The root CA is always at the top. It has a public/private key pair with the public key living in the public certificate signed by itself. It is perhaps a bit vain but it has no equal in the line of trust. It is the CA that is actually trusted by the client and server resources. The root CA needs to be protected as much as possible in the owner organisation. It is okay to have multiple CAs in a single organisation but this implies that every trusting element needs to be updated with more root CAs.
CAs can be a child of a root CA. These are known as subordinate CAs. The subordinate CA’s certificate is signed by the root CA. There are two kinds of subordinate CAs. Intermediate CAs are responsible for verifying subordinate CAs. Issuing CAs are meant to provide certificates to end uses. An issuing CA would never provide support to a child CA (since it is not allowed). Also, an intermediate would never provide certificates except for other CAs.

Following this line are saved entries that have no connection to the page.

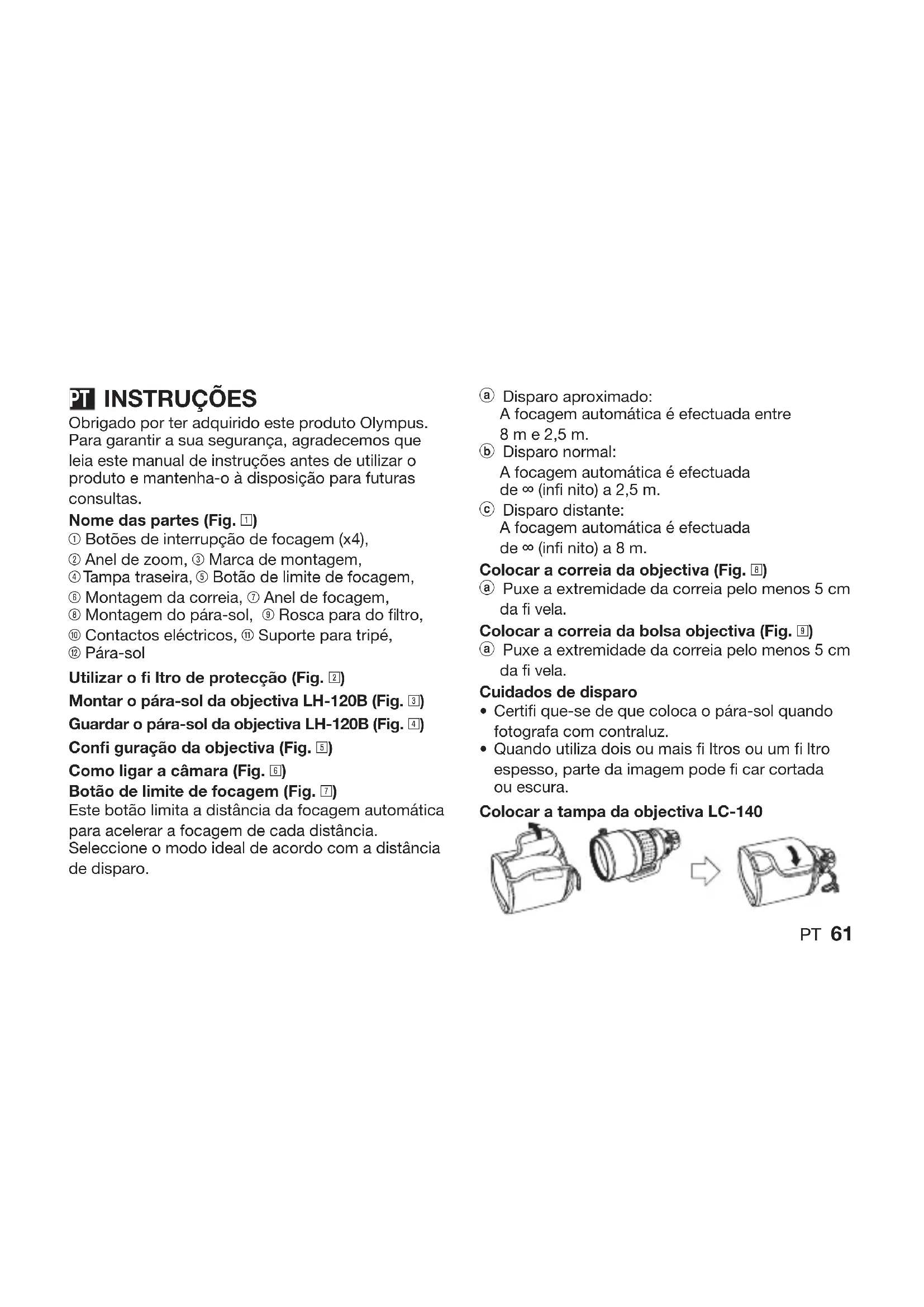 - PT 61 INSTRUÇÕES Obrigado por ter adquirido este produto Olympus. Para garantir a sua segurança, agradecemos que leia este manual de instruções antes de utilizar o produto e mantenha-o à disposição para futuras consultas. Nome das partes (Fig. 1) 1 Botões de interrupção de focagem (x4), 2 Anel de zoom, 3 Marca de montagem, 4 Tampa traseira, 5 Botão de limite de focagem, 6 Montagem da correia, 7 Anel de focagem, 8 Montagem do pára-sol, 9 Rosca para do fi ltro, 0 Contactos eléctricos, q Suporte para tripé, w Pára-sol Utilizar o fi ltro de protecção (Fig. 2) Montar o pára-sol da objectiva LH-120B (Fig. 3) Guardar o pára-sol da objectiva LH-120B (Fig. 4) Confi guração da objectiva (Fig. 5) Como ligar a câmara (Fig. 6) Botão de limite de focagem (Fig. 7) Este botão limita a distância da focagem automática para acelerar a focagem de cada distância. Seleccione o modo ideal de acordo com a distância de disparo.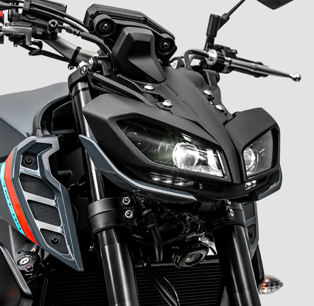 Pronta para superar qualquer desafio, a MT-09 ABS 2024 apresenta design arrojado, com novas e maiores tomadas de ar, rodas em liga leve e faróis duplos de LED. Carregando tecnologias de ponta, ela também traz o sistema Quick Shift. Nele, as trocas de marchas são feitas ao pressionar o pedal do câmbio, sem a necessidade de acionamento da embreagem. Isso mantém a rotação do motor sempre alta, para te levar aonde quiser. A MT-09 ABS 2024 está disponível nas cores Storm Fluo, Metal Black e Racing Blue.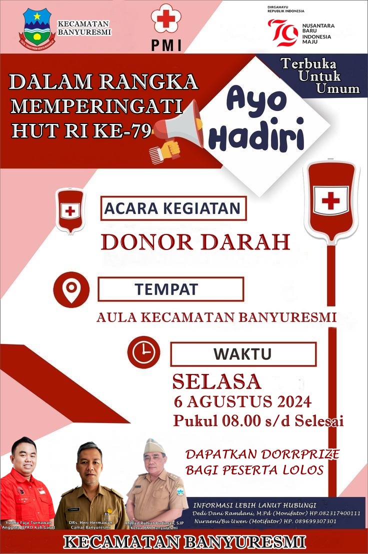 Buat warga banyuresmi hari selasa tanggal 6 agustus 2024 ada kegiatan donor darah di aula kecamatan banyuresmi….ayo bantu sesama…setetes darah menyelamatkan nyawa….!!

The trust for certificates is chained back to the root CA. A certificate path can be constructed from the knowledge gained from the CA certificates. It is much like a linked list in nature. Given the end-user certificate, the CAs can be walked back to the root CA.
For Windows, trust is gained by having the root CA certificate in the “Trusted Root Certification Authorities” store.
Based on documentation, if Windows trusts an intermediate CA, it will add it to the Intermediate Certificate Store.
Windows (at least in Windows 2000) trusts certificates based on this flow:
Reasons for validation failing:
- Dates are invalid or expired
- Certificate not in correct format
- Certificate fields might be invalid or missing
- Thumbprint or signature do not match reality
- Cert has been revoked
- Root CA is not in the trust root certificate store
Interestingly, if a CA certificate in the path is expired, it can still be possible for the certificate at the bottom to be valid. The key is that the CA certificate was valid when the bottom certificate was issued. This is a strange twist but makes sense given the alignment of dates would be very complex otherwise.
These ideas are coming from a Microsoft point of view and might not match the rest of the world. Also, the main source used was from Windows 2000 which is not the latest version. So far, this was the most straight forward reference.